Court of Appeals of Kentucky
May 15, 1928
11 S.W.2d 437 (Ky. Ct. App. 1928)

Summary

In Bennett v. Com., 226 Ky. 529, 11 S.W.2d 437, we found error in failure to submit to the jury the question as to whether or not the alleged confession had been made voluntarily, or under circumstances which would make the same inadmissible, likewise in Crawford v. Com., 264 Ky. 498, 96 S.W.2d 12. The rule is clearly laid down in Com. v. McIntosh, 257 Ky. 465, 78 S.W.2d 320, where similar cases are collected.

Summary of this case from Lett v. Commonwealth

Opinion

Decided May 15, 1928. As Modified, on Denial of Rehearing, December 21, 1928.

Appeal from Jefferson Circuit Court (Criminal Branch).

J. RIVERS WRIGHT for appellant.

J.W. CAMMACK, Attorney General, and JAMES M. GILBERT, Assistant Attorney General, for appellee.


Reversing.

Appellant was convicted in the Jefferson circuit court of the crime of murder, and, in accordance with the verdict of the jury so providing, was sentenced to pay the extreme penalty, death by electrocution. He appeals.

The chief and serious question presented by the appeal is whether the alleged confession of accused, which, over his objection, was introduced in evidence against him, was competent. He insists that it was procured in a manner prohibited by sections 1649b1 to 164965, Kentucky Statutes, commonly referred to as our "anti-sweating" statute. After providing "that what is commonly known as 'sweating' is hereby defined to be the questioning of a person in custody charged with crime in an attempt to obtain information from him concerning his connection with crime or knowledge thereof, after he has been arrested and in custody, as stated, by plying him with questions or by threats or other wrongful means, extorting from him information to be used against him as testimony upon his trial for such alleged crime," the statute further provides that no confession obtained by "sweating" as so defined shall be permitted as evidence in any court of law in this state.

In a case involving a construction of this statute, Sutton v. Commonwealth, 207 Ky. 597, 269 S.W. 754, it was said:

"We do not agree with counsel for the commonwealth, that in order to render incompetent evidence of a confession made by a defendant of his guilt of a crime with which he stands charged, the confession must have been extorted from him by violence. While the word 'extorting' may, by implication, be given a meaning that would include a result attained by violence, we think the word, as employed in the statute, supra, is used in the sense of 'compelling' or 'coercing' from the person charged with crime the confession or information intended to be used as evidence of his guilt, which may be accomplished by any means that would serve to overcome his power of resistance, or make the confession or admission other than a voluntary one."

It was held that the evidence in that case was not sufficient to establish that the confession had been procured in the forbidden manner, because, as the opinion reads:

"There is no evidence whatever conducing to prove that there was any persuasion, compulsion or extortion, either by the 'plying' of questions, threats, offer of immunity from prosecution, promises of reward, or other wrongful means, employed by the officers or others to obtain the confessions."

The construction there given this section of our statutes is in accord with all the other opinions we have written involving the question.
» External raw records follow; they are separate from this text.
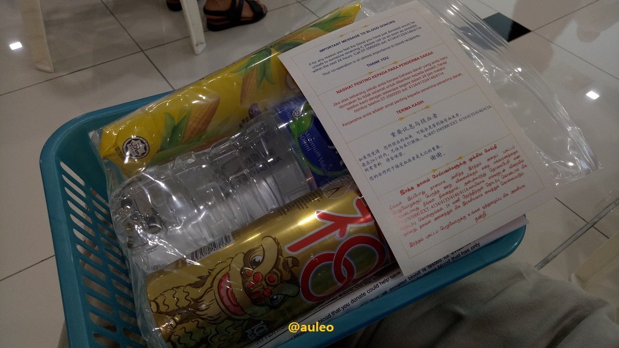 在新加坡捐血后,休息处会有许多饼干饮料任拿任吃;而大马就没这回事,配给一条面包、一罐100号与一瓶矿泉水而已。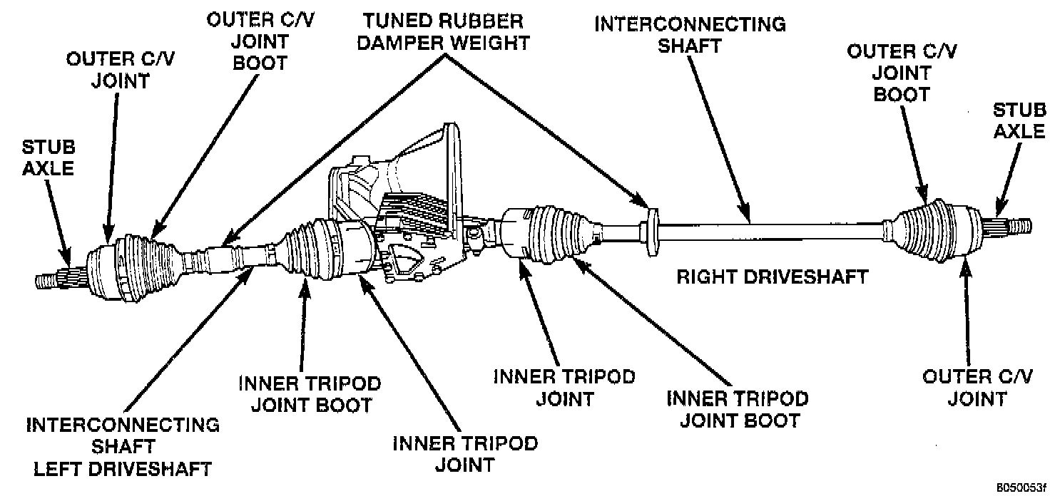 Both driveshaft assemblies use the same type of inner and outer joints. The inner joint of both driveshaft assemblies is a tripod joint, and the outer joint of both driveshaft assemblies is a Rzeppa joint. Both tripod joints and Rzeppa joints are true constant velocity (C/V) joint assemblies. The inner tripod joint allows for the changes in driveshaft length through the jounce and rebound travel of the front suspension.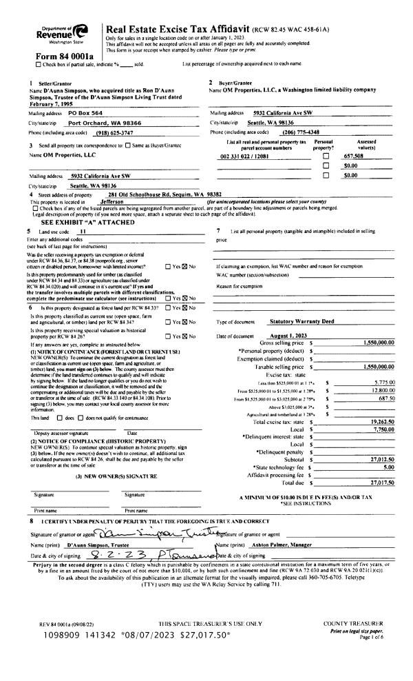 | Mailing Address: | 522 MCMINN RD PORT TOWNSEND, WA 98368 | % Ownership: | 100.0000000000% |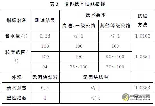 水性环氧改性乳化沥青微表处制备的主要原材料包括水性环氧改性乳化沥青、集料、填料、水。其中,水性环氧改性乳化沥青为自制;集料选用优质玄武岩,具有优良的抗压、耐磨耗及抗冲击性能;填料由矿粉、水泥组成,可起到改善矿料级配和工作特性的作用;试验用水为饮用水。根据《微表处和稀浆封层技术指南》(TJG/T F40-02-2005)(以下简称《指南》)相关规定,对主要原材料进行性能测试,结果见表1~3。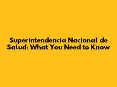 Superintendencia Nacional De Salud: What You Need To Know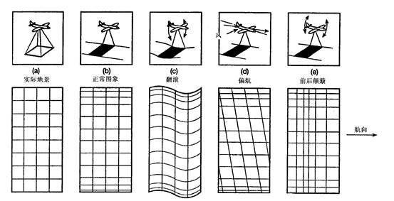 Image correction is a process of eliminating image distortion, including radiation correction and geometric correction. Radiation distortion is usually caused by solar position and atmospheric absorption and scattering. Geometric distortion (Figure 12-5) is caused by velocity, attitude change of remote sensing platform, sensor and topographic fluctuation. Geometric correction includes rough correction and precise correction. The former is corrected according to relevant parameters. The latter is constructed by collecting ground control points (GCPs, Ground Control Points). Correction polynomials are established and corrected. Fig. 192 Geometric distortion of remote sensing images [Lillesand and Kiefer] #

Many previous opinions are cited in the Sutton ease, and Webb v. Commonwealth, 220 Ky. 334, 295 S.W. 154, is perhaps the latest utterance of the court on the question. See, also, Dickson v. Commonwealth, 210 Ky. 350, 275 S.W. 805; Singleton v. Commonwealth, 210 Ky. 456, 276 S.W. 141; Myers v. Commonwealth, 212 Ky. 245, 278 S.W. 620.

Unquestionably, if the testimony of appellant is to be believed, the confession introduced in evidence against him was procured from him in a manner prohibited by this statute, as construed by this court. According to his evidence, he was taken to detective headquarters of the police force of the city of Louisville at approximately 9 o'clock a. m., handcuffed. The confession was obtained from him about 4 o'clock p. m. In the meantime he had been handcuffed; had been permitted to eat no food at the usual time for the noontime meal. Some five or six detectives and police officers, taking turns, plied him with questions constantly. He was repeatedly cursed and defamed with vile and insulting language. At different times he was subjected to most brutal physical violence at the hands of one or two of the officers, being kicked repeatedly, struck on the face and body with their fists. and struck on the head with a blackjack. After a day of this character of treatment, his power of resistance was broken, and he confessed in order to relieve himself of further torture. He was corroborated in a measure by a witness, then a fellow prisoner in the Jefferson county jail, who testified that, when he was returned to jail late that afternoon, he bore many marks of physical violence upon his person. Elwood Beal was being detained at the same time charged with complicity in this same homicide. He appears to have been under examination at detective headquarters on the same occasion when appellant was. The commonwealth introduced him as a witness in rebuttal to contradict appellant's testimony as to his brutal mistreatment at the hands of police officials. Appellant had stated that he had seen Staley, one of the detectives, choke this witness that day. He was asked by the commonwealth: "Did Staley choke you, or Mr. Staley, or any other officer choke you?" and answered: "No, sir." On cross-examination he testified:

"You deny that Staley choked you over here at detective headquarters? He grabbed me by the shoulders, but he did not choke me." "Why did he grab you by the shoulders? He grabbed me by the shoulders and asked me where the money was."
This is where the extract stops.